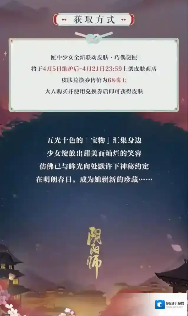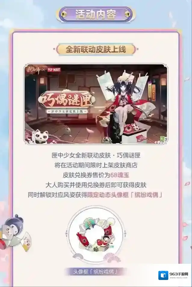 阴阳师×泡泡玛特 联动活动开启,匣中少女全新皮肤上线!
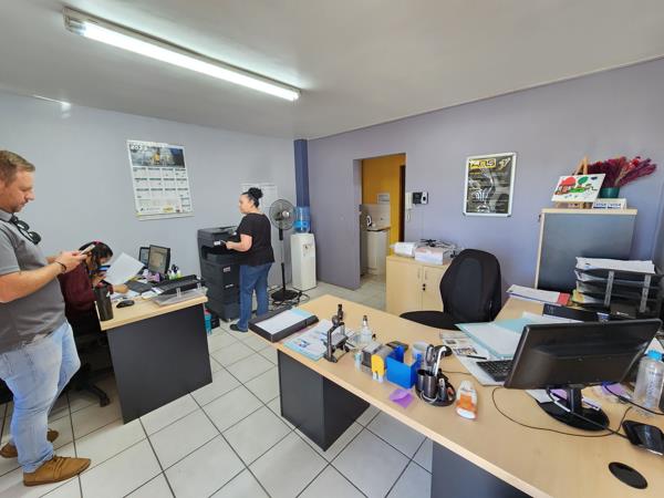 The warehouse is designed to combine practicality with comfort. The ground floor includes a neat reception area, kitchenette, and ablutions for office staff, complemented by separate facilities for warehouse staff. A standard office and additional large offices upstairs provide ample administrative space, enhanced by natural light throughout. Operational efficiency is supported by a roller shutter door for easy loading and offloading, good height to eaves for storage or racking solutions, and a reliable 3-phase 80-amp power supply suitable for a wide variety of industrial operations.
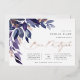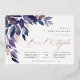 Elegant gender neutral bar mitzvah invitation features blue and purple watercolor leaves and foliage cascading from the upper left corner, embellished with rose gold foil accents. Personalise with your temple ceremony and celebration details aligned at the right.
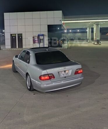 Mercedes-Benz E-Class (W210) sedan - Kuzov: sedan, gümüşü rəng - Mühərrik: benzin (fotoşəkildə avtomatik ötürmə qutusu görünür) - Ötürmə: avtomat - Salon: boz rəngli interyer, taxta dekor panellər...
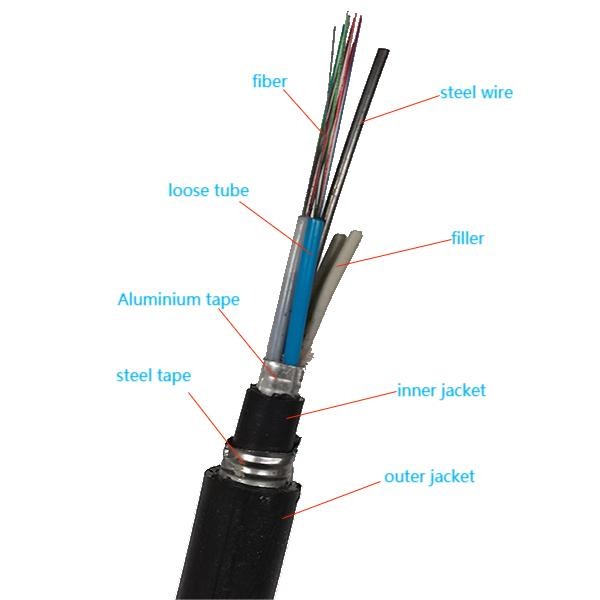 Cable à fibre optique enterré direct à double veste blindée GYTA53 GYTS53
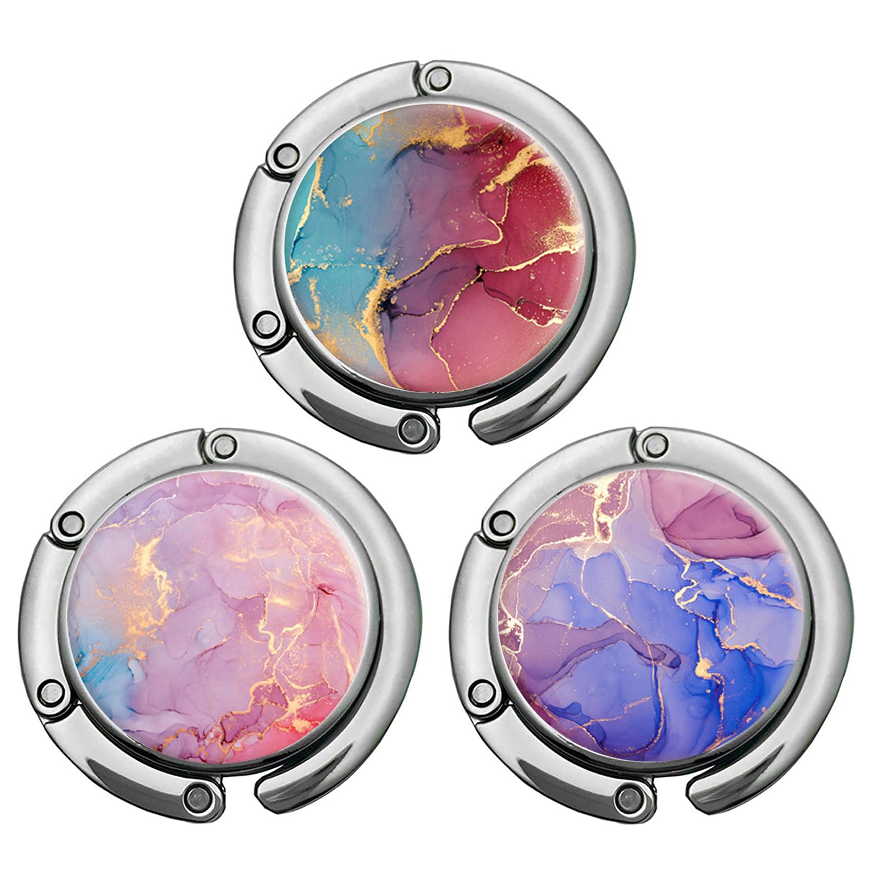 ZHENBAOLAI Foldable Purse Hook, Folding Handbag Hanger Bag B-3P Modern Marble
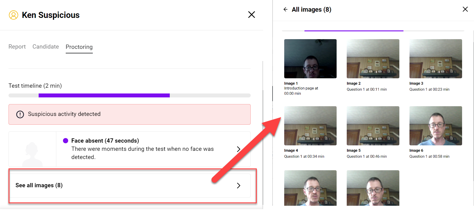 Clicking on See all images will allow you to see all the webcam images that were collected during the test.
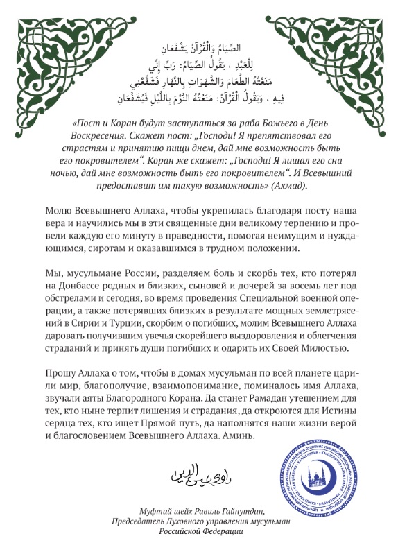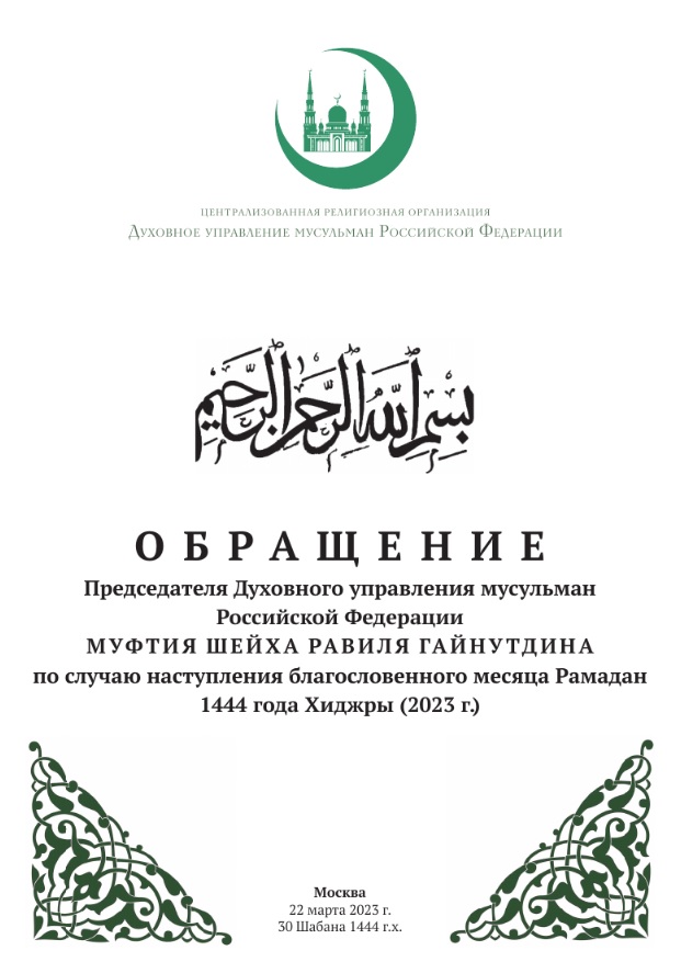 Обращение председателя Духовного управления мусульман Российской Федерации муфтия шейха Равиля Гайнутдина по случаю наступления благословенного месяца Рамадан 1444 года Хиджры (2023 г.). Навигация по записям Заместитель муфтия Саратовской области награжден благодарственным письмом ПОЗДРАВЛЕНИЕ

----------------------------------------

■ **Task brief**
An exact copy of every entry, without pictures, should be your output.

■ **The answer**
 阴阳师×泡泡玛特 联动活动开启,匣中少女全新皮肤上线!
 The warehouse is designed to combine practicality with comfort. The ground floor includes a neat reception area, kitchenette, and ablutions for office staff, complemented by separate facilities for warehouse staff. A standard office and additional large offices upstairs provide ample administrative space, enhanced by natural light throughout. Operational efficiency is supported by a roller shutter door for easy loading and offloading, good height to eaves for storage or racking solutions, and a reliable 3-phase 80-amp power supply suitable for a wide variety of industrial operations.
 Elegant gender neutral bar mitzvah invitation features blue and purple watercolor leaves and foliage cascading from the upper left corner, embellished with rose gold foil accents. Personalise with your temple ceremony and celebration details aligned at the right.
 Mercedes-Benz E-Class (W210) sedan - Kuzov: sedan, gümüşü rəng - Mühərrik: benzin (fotoşəkildə avtomatik ötürmə qutusu görünür) - Ötürmə: avtomat - Salon: boz rəngli interyer, taxta dekor panellər...
 Cable à fibre optique enterré direct à double veste blindée GYTA53 GYTS53
 ZHENBAOLAI Foldable Purse Hook, Folding Handbag Hanger Bag B-3P Modern Marble
 Clicking on See all images will allow you to see all the webcam images that were collected during the test.
 Обращение председателя Духовного управления мусульман Российской Федерации муфтия шейха Равиля Гайнутдина по случаю наступления благословенного месяца Рамадан 1444 года Хиджры (2023 г.). Навигация по записям Заместитель муфтия Саратовской области награжден благодарственным письмом ПОЗДРАВЛЕНИЕ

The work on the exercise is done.